I told my people. It took weeks because I knew it needed to be in person with most of them but I tried.
And although there was sadness and confusion, no one was angry. No one told me to leave and never come back. No one stopped loving me. None of my worst fears happened.
And I guess that was just me overreacting---believing the worst even though I know my people and I know they'll still love me.
So now I'm here. It's been 6 months since then and during the past 6 months, I was never fully sure how to write about it or what to say. I wasn't sure I could get the point across of how much I've changed and grown.
And I knew I needed to pinpoint that this wasn't an easy decision and that it certainly wasn't some childish rebellion---cause trust me, I've already been there and done that and I'd rather not go back to the childhood rebellion stage, amiright?
So 2016. What a big year. I am excited for this year and all that it seems to be offering my beautiful family.
Hayley will turn 8.
Andersen will turn 7.
I will turn 29. (Although I may or may not be panicky about my last year in my 20's being SO CLOSE.)
We will all gain more knowledge through our school studies. We will try so hard to become closer as a family.
And above all else, we will make sure we are coming closer to Christ.
So for 2016, I decided my word needed to be confidence.
Because there are so many aspects of my life that could use a dose or two {or five thousand} of confidence.
I am going to gain the confidence to unapologetically be who I am and the confidence to know that the choices I'm making are going to benefit my family and help us all learn more about the only perfect being to ever walk on this earth.
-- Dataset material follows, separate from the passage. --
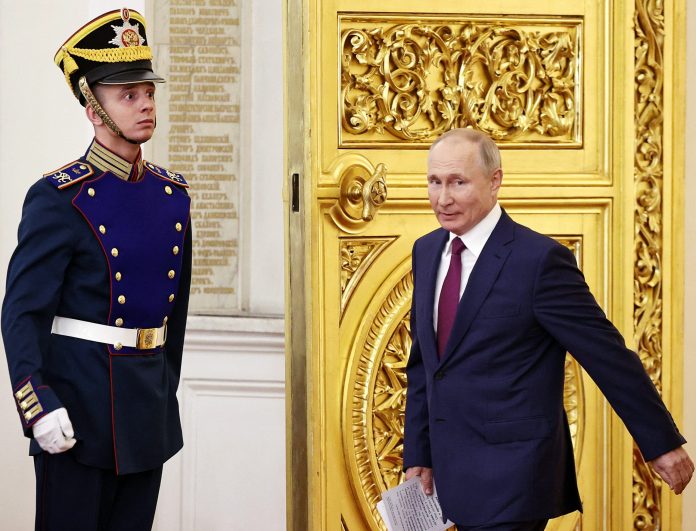 Informação de qual imunizante o presidente russo recebeu era mantida em segredo pelo Kremlin. Revelação é feita no dia em que o país registra recorde de mortes por Covid pelo 2º dia seguido. O presidente da Rússia, Vladimir Putin, entra em salão no Kremlin, em Moscou, para reunião em 30 de junho de 2021 com os atletas olímpicos que vão disputar as Olimpíadas de Tóquio
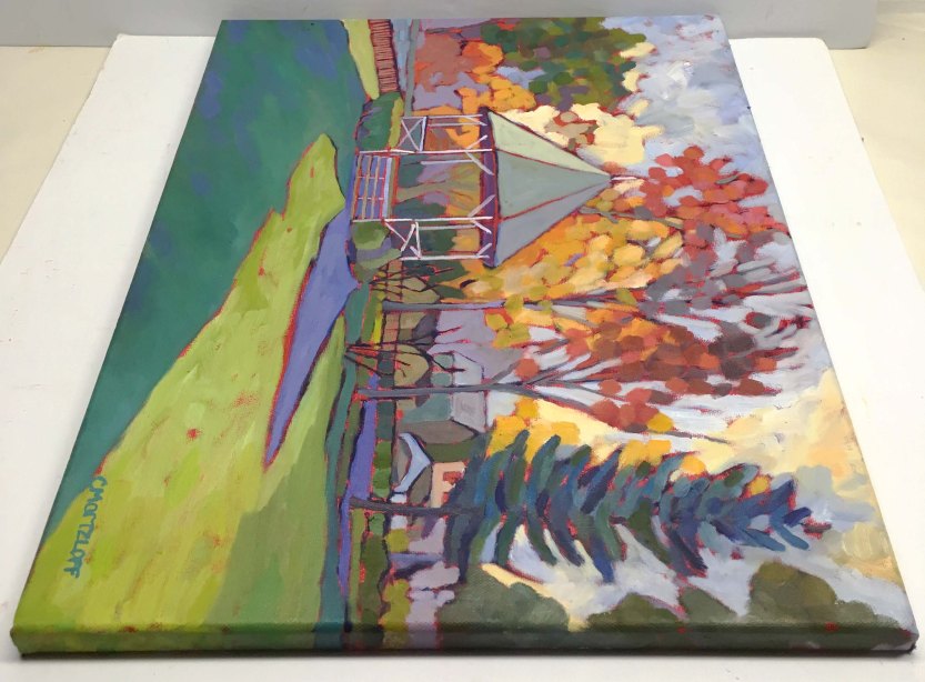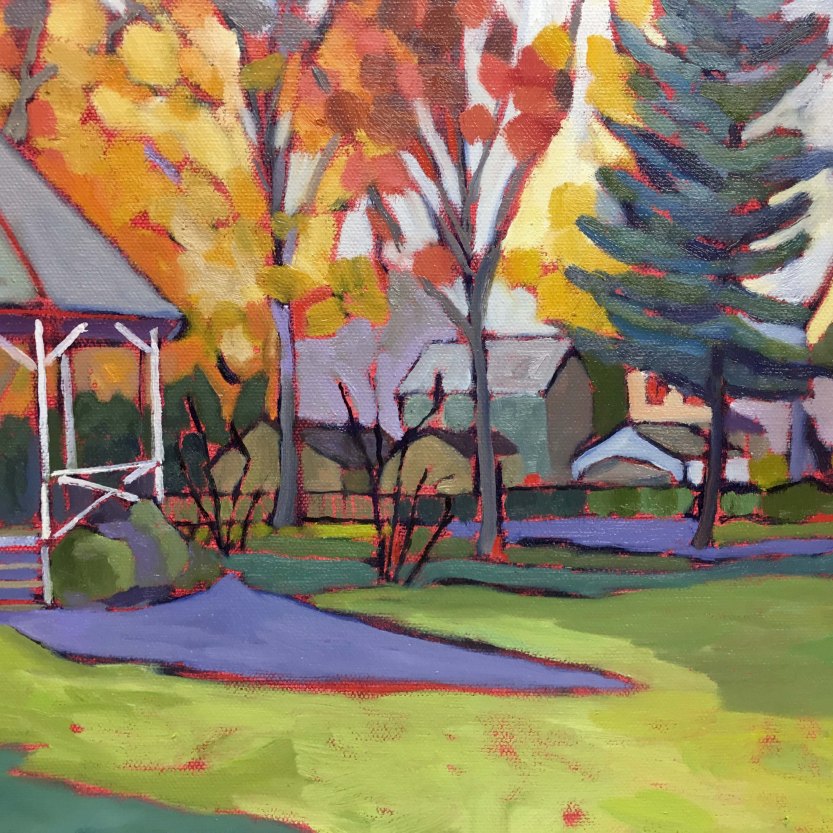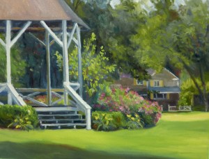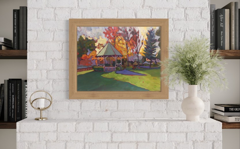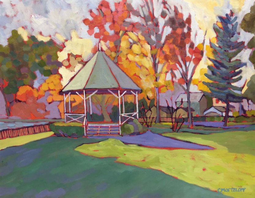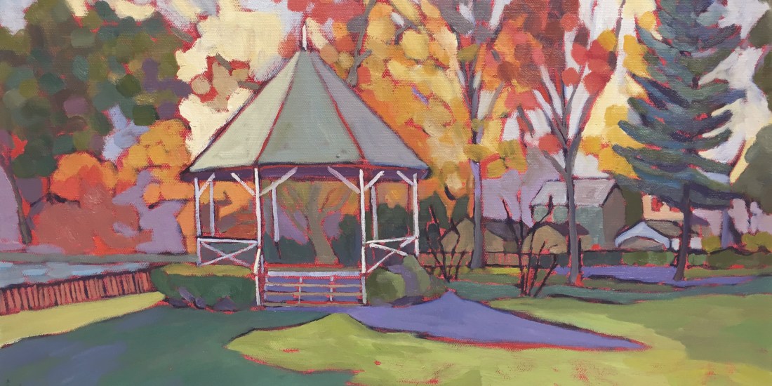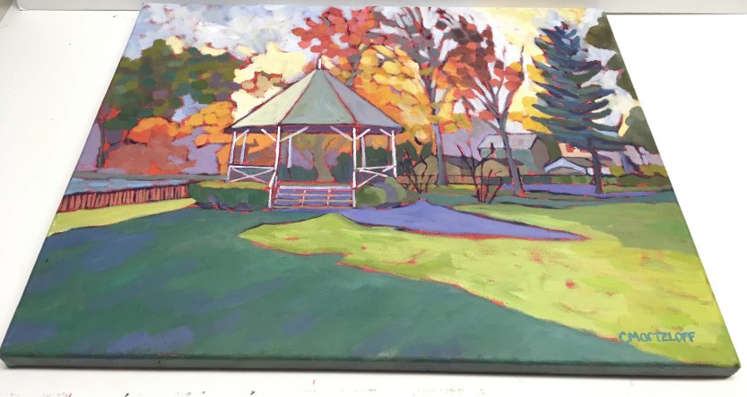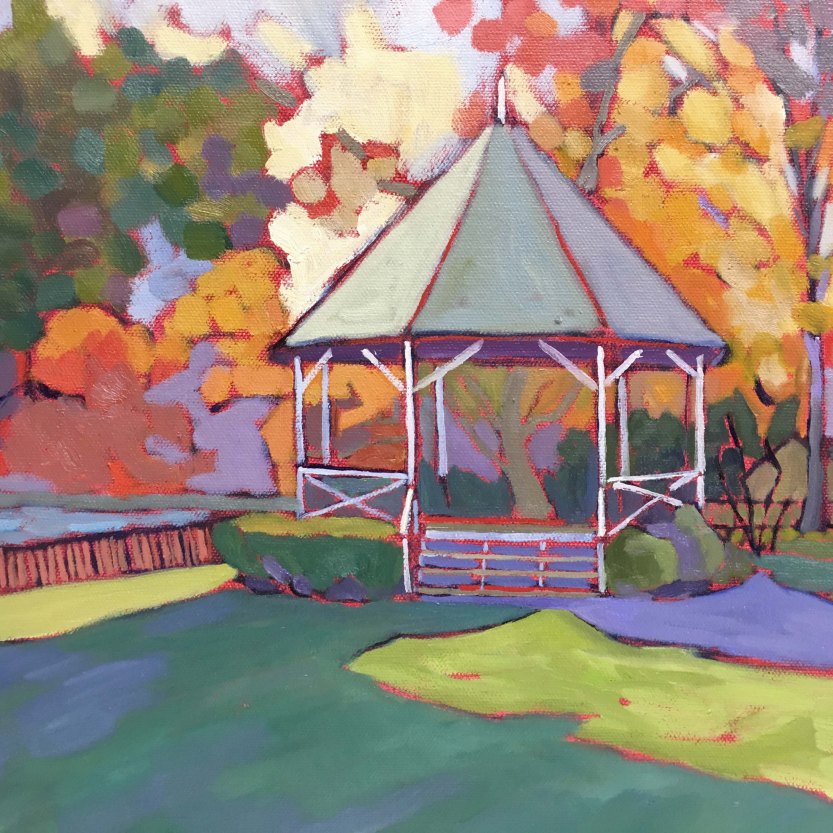 This oil painting was created from a plein-air sketch I did on a recent afternoon at a local park before all the leaves were gone. Having painted this gazebo and vista some years ago (see below) I felt called to re-visit it with the hope of catching something new. The new one was painted on a gallery wrapped canvas and is a signed original. If you have any questions on the painting please reach out – I’m happy to tell you more.

2015 was beautifully messy. There was darkness and light. But I am grateful for everything I have learned and the confidence I have already gained.
I am grateful for all of the times fear almost took over---because it didn't ever fully take over. Bravery was always there, fighting against the fear. And that bravery came because I am a warrior but it also came because God is bravery.
There were many times this year where I couldn't begin to understand the heartache and confusion and I knew I'd never be able to get through it on my own---so instead of letting myself drown in it, I'd hand it over to God and he'd fight my battles for me.
He is the reason I am where I am and He is the reason I am fighting to become the person I was intended to be.